■ TRY IT
In the copy you make of the entries, no picture should appear, and every word must match.

---- DATASET EXCERPTS

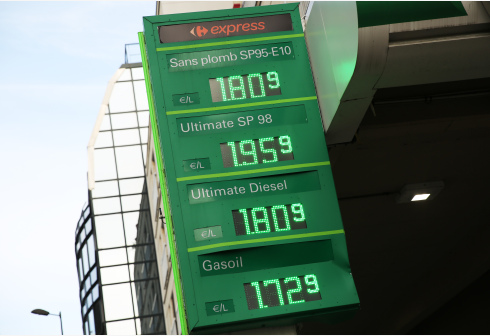 这是10月15日在法国巴黎一处加油站拍摄的油价显示牌。 法国总统马克龙14日表示,政府将在几天内出台...
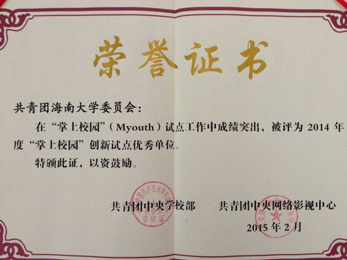 近日,共青团英国威廉希尔公司委员会被共青团中央学校部、影视中心评为2014年度“掌上校园”创新试点优秀单位,英国威廉希尔公司团委陈青老师在试点工作中做出突出贡献,被评为2014年度“掌上校园”创新试点优秀个人。为贯彻落实团的十七大精神,响应团中央的引导部署,英国威廉希尔公司充分利用新媒体技术服务和引导广大青年学生,自2014年九月英国威廉希尔公司团委被确认为“全国高校共青团新媒体服务‘掌上校园’创新试点项目”试点单位以来,在该项目的应用中成效显著 。
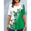 XL-7XL Übergröße Damen T-Shirts Damen O-Ausschnitt Mode Blume Patchwork Farbe Bedrucktes Top Kurzarm T-Shirt
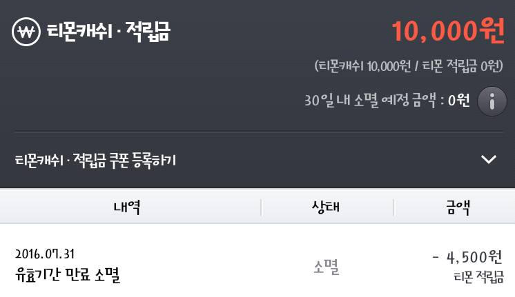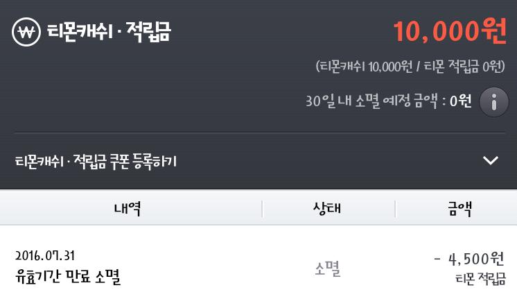 어제 티몬 적립금 4500원 소멸되는거 알고 있었는데
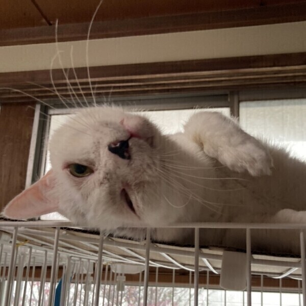 | 特徴(性格など) | ◆イナズマくん イナズマ形の鍵尻尾が自慢の愛されキャラ ○東京都内の多頭飼い崩壊現場から保護されました。 ○保護の様子は「坂上どうぶつ王国」にて取り上げていただきました。 ○推定7〜8歳くらい(2022年4月時点)の男の子です。 ○尻尾はイナズマのような鍵しっぽで、この尻尾からイナズマと名付けられました。 ○身体は真っ白で、顔と頭の一部がグレーです。 ○ご飯が大好き過ぎて、他の猫ちゃんのエサ皿を自分の下に手繰り寄せる器用な癖があります。 ○エサ皿を手繰り寄せられた猫が怒って引っ掻き、顔に傷が絶えませんが、優しい性格ゆえ、やり返すことはありません。 ○撫でられると目を細めて可愛いらしい表情を見せてくれる愛されキャラです。 ○猫じゃらしで遊ぶのも大好きで勢いよく追っかけます。 ○撫でられることが好きですが、慎重な所があるので、時間をかけて仲良くなってくださる里親様をお待ちしています。 ○人が好きな様子なので、1匹に愛情を注いでくださる里親様を希望します。 ★ワクチン済み、不妊手術済み。 ★猫エイズ、猫白血病ともに陰性。 ☆単身のかたはご相談ください。 |
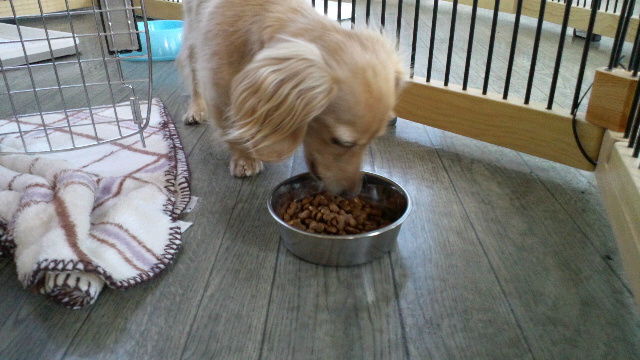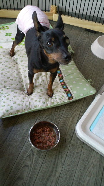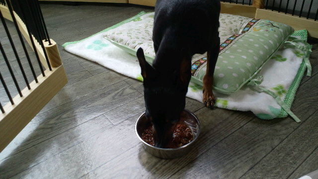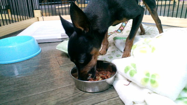 生涯預かりダックスズのラブ君、口を付けません。チャコ君はしっかり完食しました。

--------

■ OUTPUT BELOW
 这是10月15日在法国巴黎一处加油站拍摄的油价显示牌。 法国总统马克龙14日表示,政府将在几天内出台...
 近日,共青团英国威廉希尔公司委员会被共青团中央学校部、影视中心评为2014年度“掌上校园”创新试点优秀单位,英国威廉希尔公司团委陈青老师在试点工作中做出突出贡献,被评为2014年度“掌上校园”创新试点优秀个人。为贯彻落实团的十七大精神,响应团中央的引导部署,英国威廉希尔公司充分利用新媒体技术服务和引导广大青年学生,自2014年九月英国威廉希尔公司团委被确认为“全国高校共青团新媒体服务‘掌上校园’创新试点项目”试点单位以来,在该项目的应用中成效显著 。
 XL-7XL Übergröße Damen T-Shirts Damen O-Ausschnitt Mode Blume Patchwork Farbe Bedrucktes Top Kurzarm T-Shirt
 어제 티몬 적립금 4500원 소멸되는거 알고 있었는데
 | 特徴(性格など) | ◆イナズマくん イナズマ形の鍵尻尾が自慢の愛されキャラ ○東京都内の多頭飼い崩壊現場から保護されました。 ○保護の様子は「坂上どうぶつ王国」にて取り上げていただきました。 ○推定7〜8歳くらい(2022年4月時点)の男の子です。 ○尻尾はイナズマのような鍵しっぽで、この尻尾からイナズマと名付けられました。 ○身体は真っ白で、顔と頭の一部がグレーです。 ○ご飯が大好き過ぎて、他の猫ちゃんのエサ皿を自分の下に手繰り寄せる器用な癖があります。 ○エサ皿を手繰り寄せられた猫が怒って引っ掻き、顔に傷が絶えませんが、優しい性格ゆえ、やり返すことはありません。 ○撫でられると目を細めて可愛いらしい表情を見せてくれる愛されキャラです。 ○猫じゃらしで遊ぶのも大好きで勢いよく追っかけます。 ○撫でられることが好きですが、慎重な所があるので、時間をかけて仲良くなってくださる里親様をお待ちしています。 ○人が好きな様子なので、1匹に愛情を注いでくださる里親様を希望します。 ★ワクチン済み、不妊手術済み。 ★猫エイズ、猫白血病ともに陰性。 ☆単身のかたはご相談ください。 |
 生涯預かりダックスズのラブ君、口を付けません。チャコ君はしっかり完食しました。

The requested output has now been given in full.